The merchandise department is located on the lower level of the SAR Genealogical Library, located at 809 West Main Street, just across the street from the Louisville Slugger Museum & Factory.

Activities

The society is involved in historical research, raising funds for local scholarships and educational awards, and preservation of sites and documents related to the American Revolution. The SAR petitioned Congress to store Revolutionary era documents in a fire-proof area and make them available to the public, leading to the creation of the National Archives. It is also active in cataloging and marking Revolutionary War patriot graves and conducts an annual Eagle Scout scholarship program. The society is active in promoting "patriotism", and was instrumental in the establishment of Constitution Day.  Several SAR societies and chapters have active color guard groups that appear in various public and private venues as a means of community outreach.

The Sons of the American Revolution hosts two Leadership Meetings and one National Congress every year.
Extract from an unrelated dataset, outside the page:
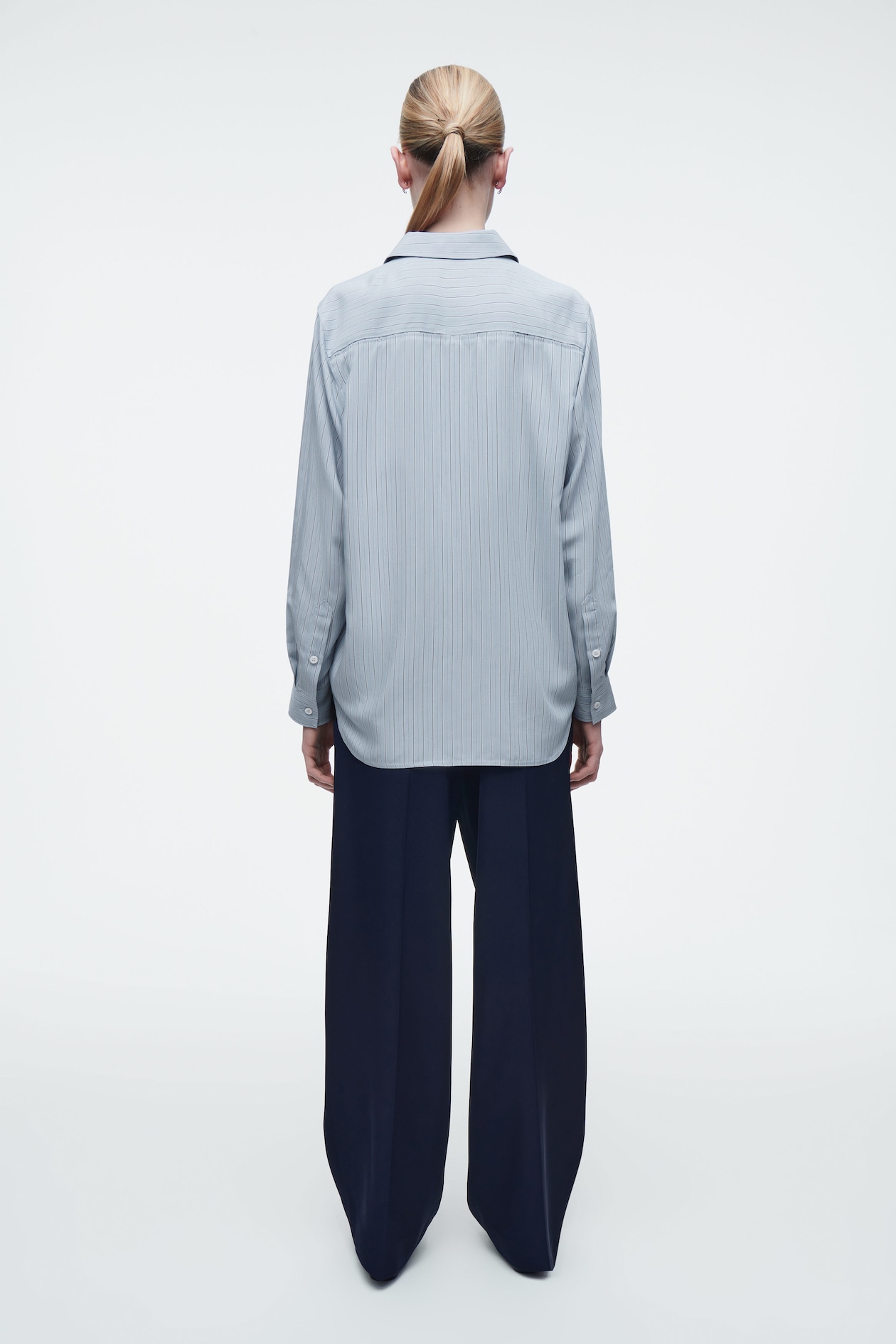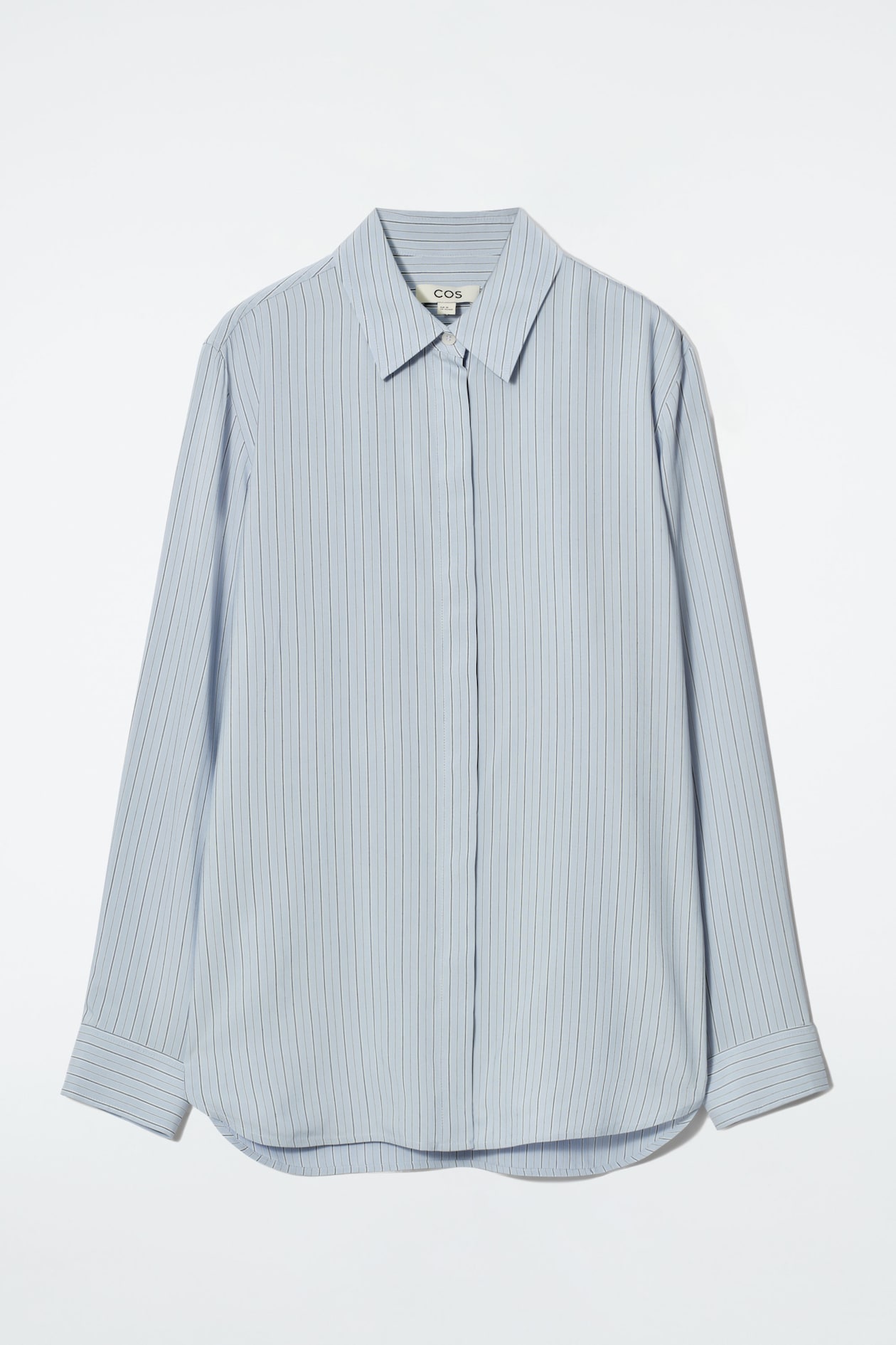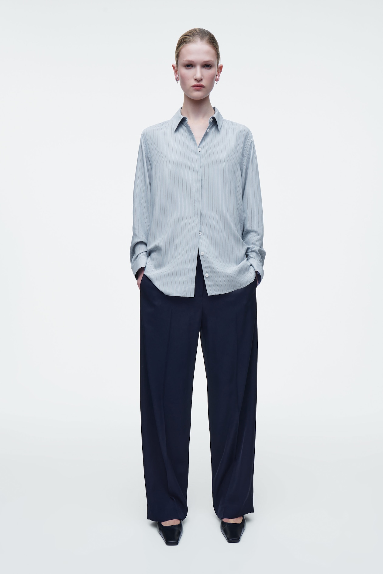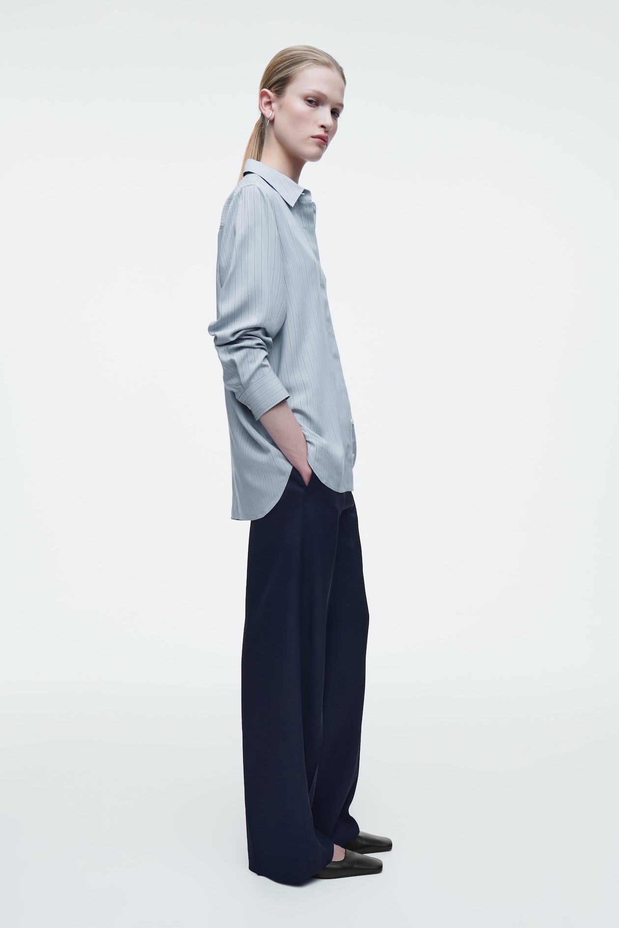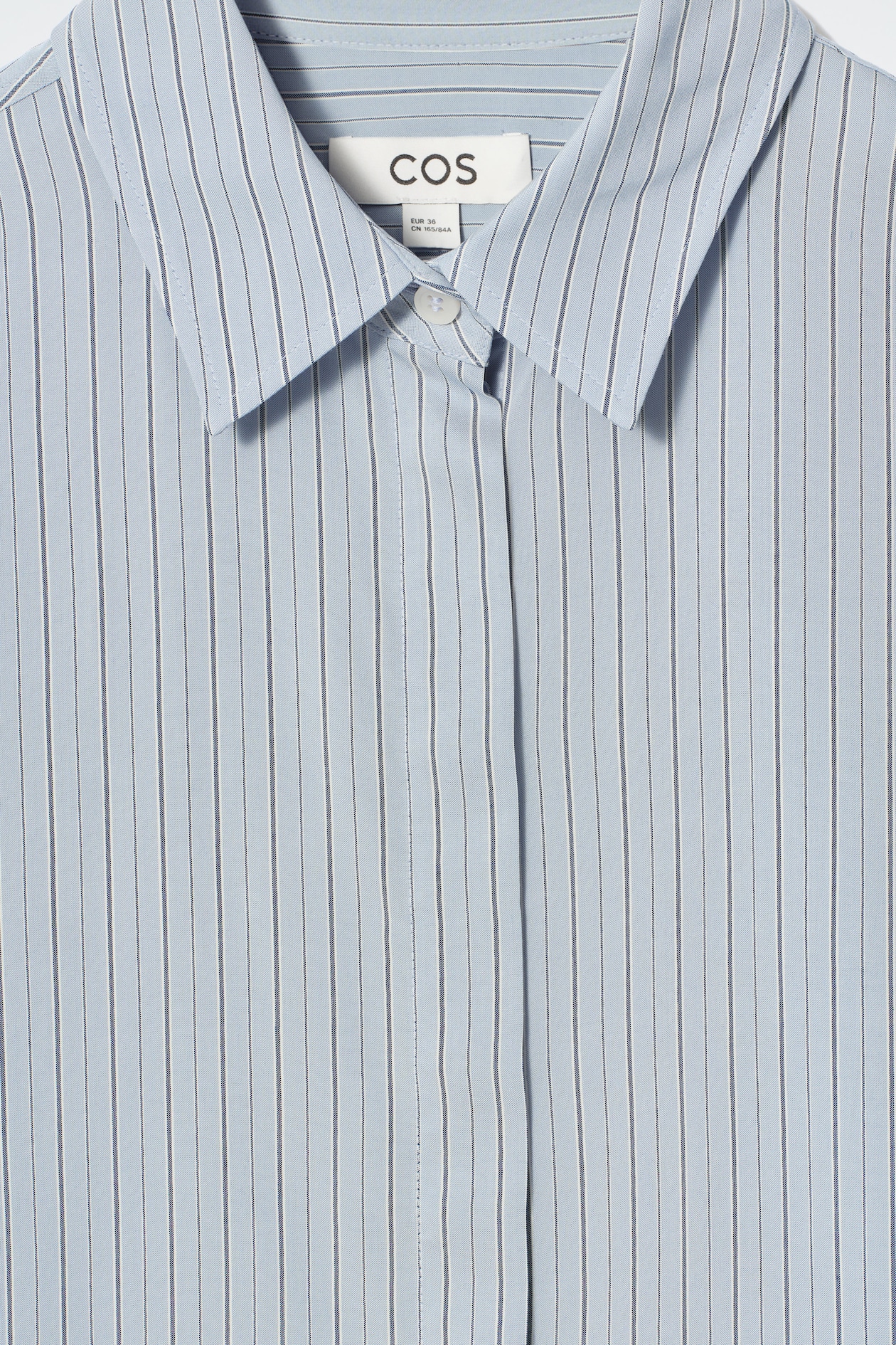 Мы представляем современную версию рубашки, вдохновленную мужскими фасонами. Модель выполнена из смесовой вискозы ECOVERO, а ее дизайн включает в себя полосы слегка контрастных цветов, классический воротник, манжеты на пуговицах и диагональный шов сзади.

The two leadership meetings are held in the Spring and Fall in Louisville, KY at the Brown Hotel. The National Congress is held at a different location every year during the Summer. The 2021 National Congress took place in Renton, Washington, while the 2022 Congress took place in Savannah, Georgia. The 2023 National Congress will take place in Orlando, Florida.

SAR national headquarters
The SAR's national headquarters, located along Museum Row in downtown Louisville, Kentucky, contains the organization's administrative staff offices, SAR Genealogical Research Library, and the future site of an American Revolutionary War Education Center. The SAR is currently raising funds to finish the center's development. The building houses original and copied art that commemorates important people and events of the Revolutionary War, as well as historical uniforms, flags, documents, and other colonial era pieces.

Symbolism of the SAR insignia
The SAR insignia consists of a Maltese cross surrounded by a garland, with a relief of George Washington in a center circle.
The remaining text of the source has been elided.